Autrement dit : le « vote barrage » n’a pas disparu, il a simplement changé de cible.
Et il faut dire que la lassitude est immense. En juillet 2024, les désistements massifs imposés aux Français pour contrer le RN avaient fini par exaspérer. Un an plus tard, plus de la moitié des électeurs désapprouvent ce cordon sanitaire, y compris dans les rangs macronistes. Résultat : le réflexe anti-RN s’érode, mais l’hostilité envers les Insoumis prospère.
Car Mélenchon paye le prix de ses outrances permanentes, de son radicalisme assumé et de ses accointances idéologiques avec les extrêmes de la gauche. Même les électeurs d’Anne Hidalgo et de Yannick Jadot, pourtant peu suspects de penchants nationalistes, sont une majorité à dire stop. Le « front anti-LFI » transcende désormais les clivages, jusqu’à séduire une partie des électeurs de la droite classique, dont plus de la moitié n’hésiteraient pas à préférer un candidat RN plutôt qu’un représentant de la gauche unie.

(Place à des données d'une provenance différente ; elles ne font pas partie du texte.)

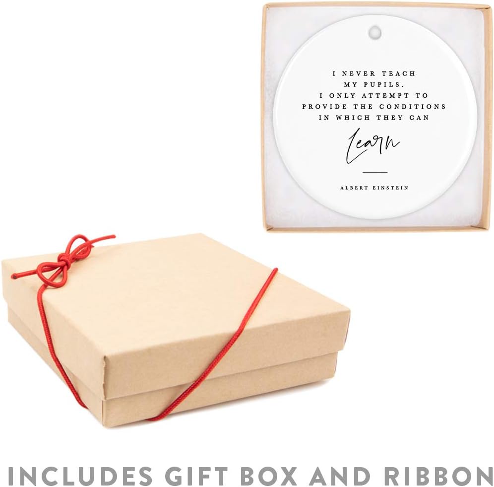 Andaz Press Round Ceramic Porcelain Christmas Tree Ornament for Teacher Thank You Gift, I Never My Pupils, I Only Attempt to Provide The Conditions in Which They can Learn, Albert Einstein, 1-Pack
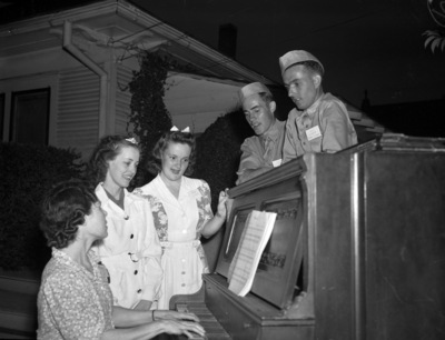 Two members of the Burton Class of Central Methodist Church, and two of the 30 Camp Wolters soldiers entertained by the class at the United Service Organization (U. S. O.) center at Hotel Texas, join in a song as Mrs. Marcus M. Chunn, wife of the pastor, plays accompaniment. Mrs. Chunn is seated at the piano. Standing left to right are Mrs. Loutitia Armstrong, class president; Miss Alain Maddox; Private Howard Cross, of Madison, Wisconsin; and Private Jess Dickerson, of Wayne, West Virginia. The privates are wearing their military uniforms. Mrs. Chunn is wearing a floral print dress. Mrs. Armstrong is wearing a buttoned-up coat and a bow in her hair. Miss Maddox is wearing a button-down dress, pearl necklace and a bow in her hair.
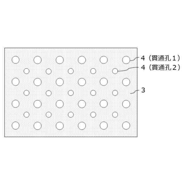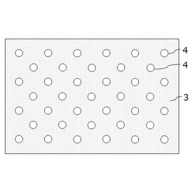 実施例1~15、比較例1~3に用いた表皮材の貫通孔の配置図である。
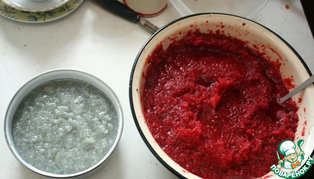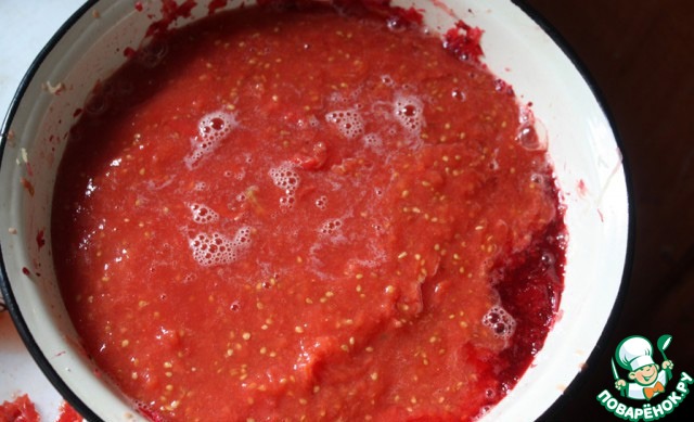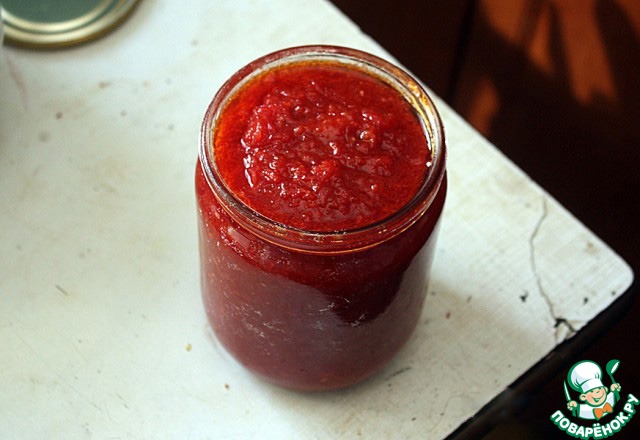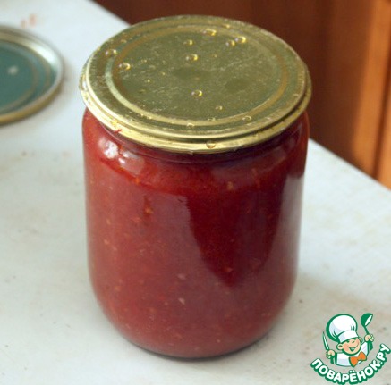 И пару кило перетёртых помидоров. Туда же 3 чайных ложки моего молотого перца. Но тут уж по вкусу. Кому-то поядрёнее надо, кому-то наоборот. Ещё добавляю столовую ложку соли и 4 столовых ложки сахара (сахар опционально - можно вообще не класть - это уже дело вкуса, но мне так нравится).
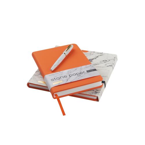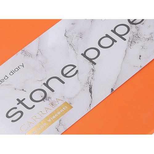 Уникальность недатированного ежедневника Carrara от Bruno Visconti — в его блоке. Он изготовлен из каменной бумаги плотностью 144 г/кв.м, отличающейся особой гладкостью и повышенной прочностью. Она не боится воды и пролитого кофе, достаточно просто протереть сухой салфеткой.
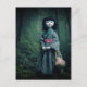 AI generated beautiful Japanese doll walking a mossy forest path wearing her beautiful kimono
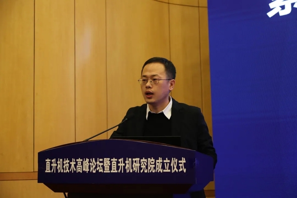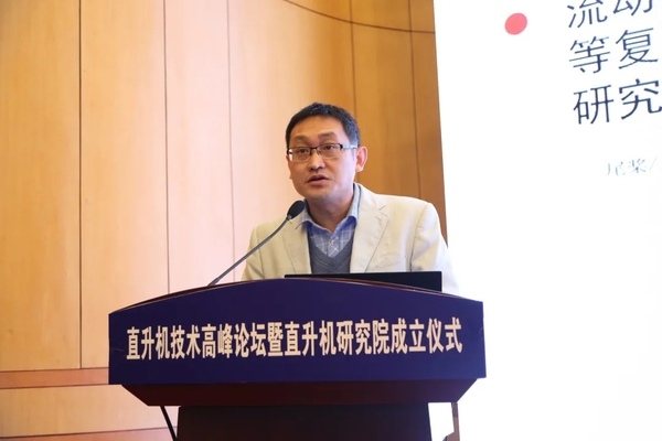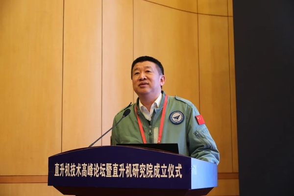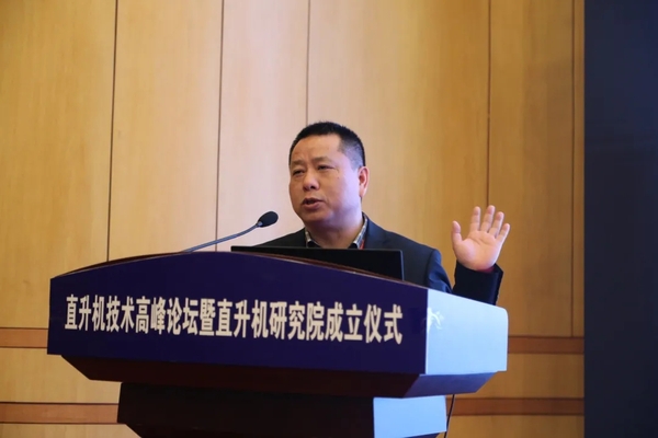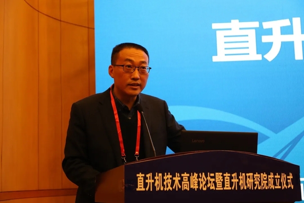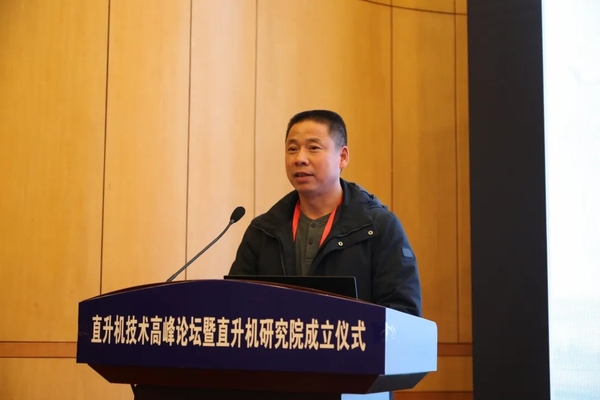 中国直升机设计研究所总设计师邓景辉从成立旋翼研究中心,进行旋翼专项研究角度,做了题为《坚持科技自立自强,持续奋斗直升机新征程》的报告。

Le constat est clair : dans l’esprit des Français, Marine Le Pen et Jordan Bardella ne sont plus le croquemitaine que les élites s’acharnaient à brandir. C’est Mélenchon qui, aujourd’hui, incarne la menace. Le tribun septuagénaire, qui rêve encore d’une quatrième candidature présidentielle, découvre que le « front républicain » qu’il avait applaudi lorsqu’il visait le RN se retourne comme un boomerang contre sa propre personne.
Derrière ces chiffres, c’est tout un paysage politique qui se redessine. Le « bloc central » macroniste, impopulaire et usé, n’a plus la force d’imposer sa grille de lecture. Le RN, malgré les diabolisation successives, s’installe peu à peu comme une force politique normalisée, au point d’apparaître moins repoussoir que les Insoumis. Quant à Mélenchon, il se retrouve prisonnier de son image de leader radical et sectaire, incapable de rassembler au-delà de son noyau dur.
Le « front républicain » n’est donc pas mort : il a simplement changé d’adresse. La gauche qui l’a instrumentalisé pendant des années découvre avec amertume qu’il peut aussi s’appliquer à elle.